The three major credit bureaus in addition to other companies are increasingly using social media for business purposes. A wealth of publicly available social data cross-referenced with traditional sources like bank records and credit card statements means companies have more efficient tools to detect fraud and other malicious activities.
Reviews left on Yelp, tagged photos in a Facebook profile and comments on a blog using a matching e-mail address all add up to a network of connected information about an individual. "We are investing a lot in how can we use unstructured data that is sitting out there in social media that can help us understand a little more about identity," Rajib Roy, president of Equifax Identity and Fraud Solutions, said in an interview with Bloomberg.

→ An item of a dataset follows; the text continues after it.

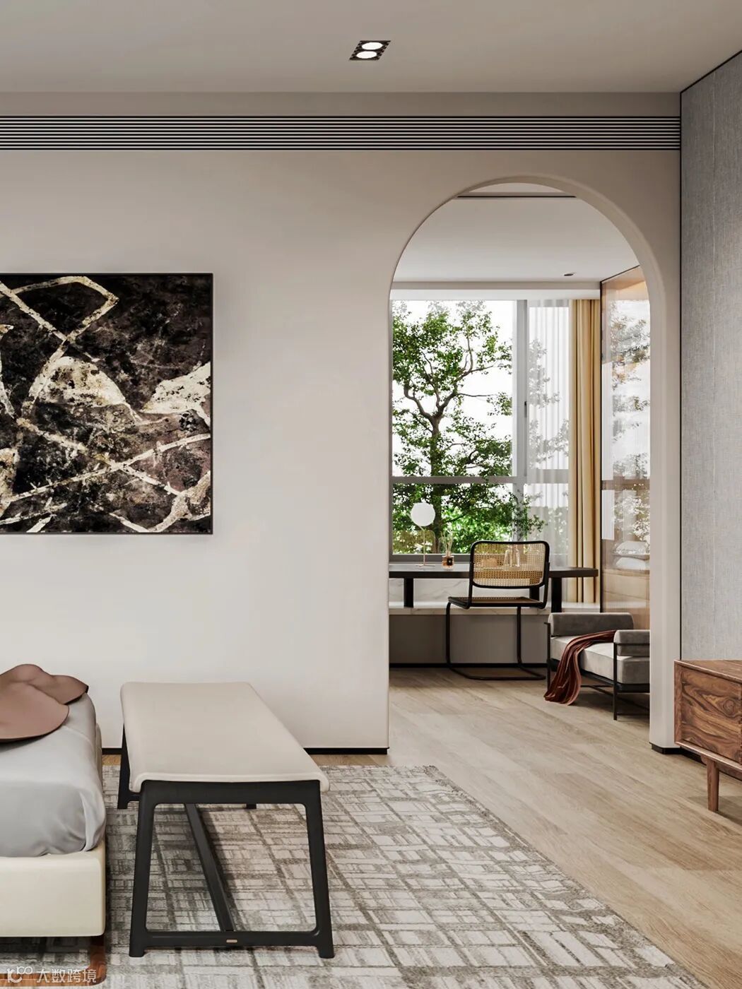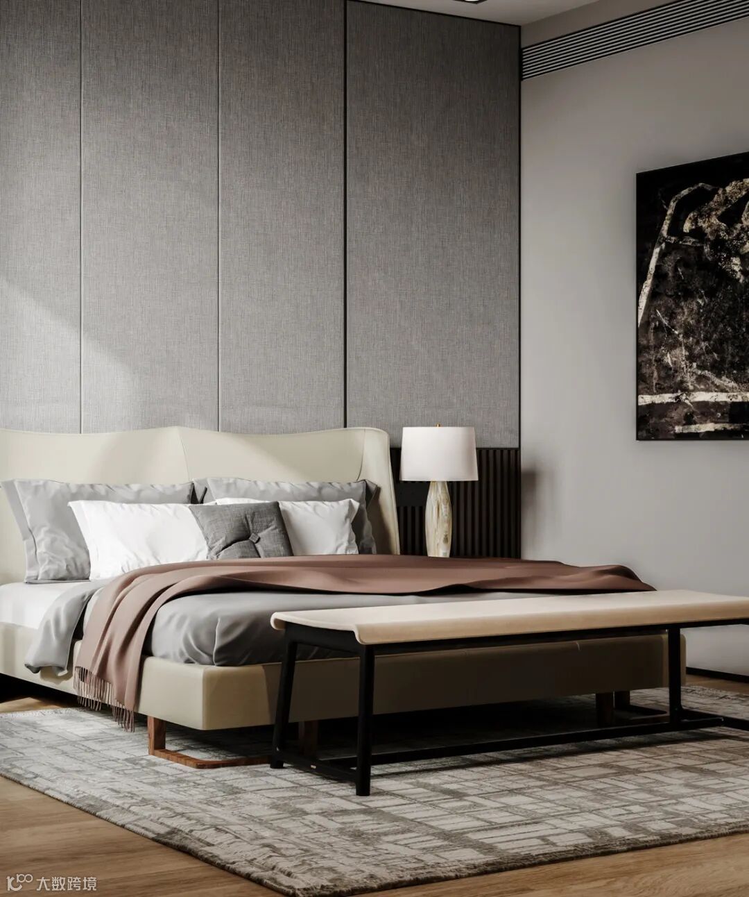 主人房呈现简洁沉稳的格调,米色的皮革和天然胡桃木材质适合家庭舒适、温馨的情感需求。床尾凳出自建筑师、设计师Neri&Hu的设计。

Social media has helped detect red flags. If a business claims to be a hairdresser in Pittsburgh, for example, WePay can match the phone number from its application to the one listed on Yelp, see consumer reviews, and check that the business's e-mail matches the one it uses on its Twitter account. WePay can also look at the length of time the business has had a presence on Yelp, Twitter and Facebook to verify its legitimacy.
Privacy concerns have become heightened resulting in two government agencies, The U.S. Consumer Financial Protection Bureau and Federal Trade Commission, to examine how debt collectors use Facebook and Twitter to contact debtors. It's one thing to use publicly available information to make contact with a borrower but it's another thing entirely when that information is used to make lending decisions.
As public sharing of personal information becomes more ubiquitous, it's important to remember that it's not just friends and family who have access to your data. Many individuals are willing to trade privacy for convenience but only up to a certain extent.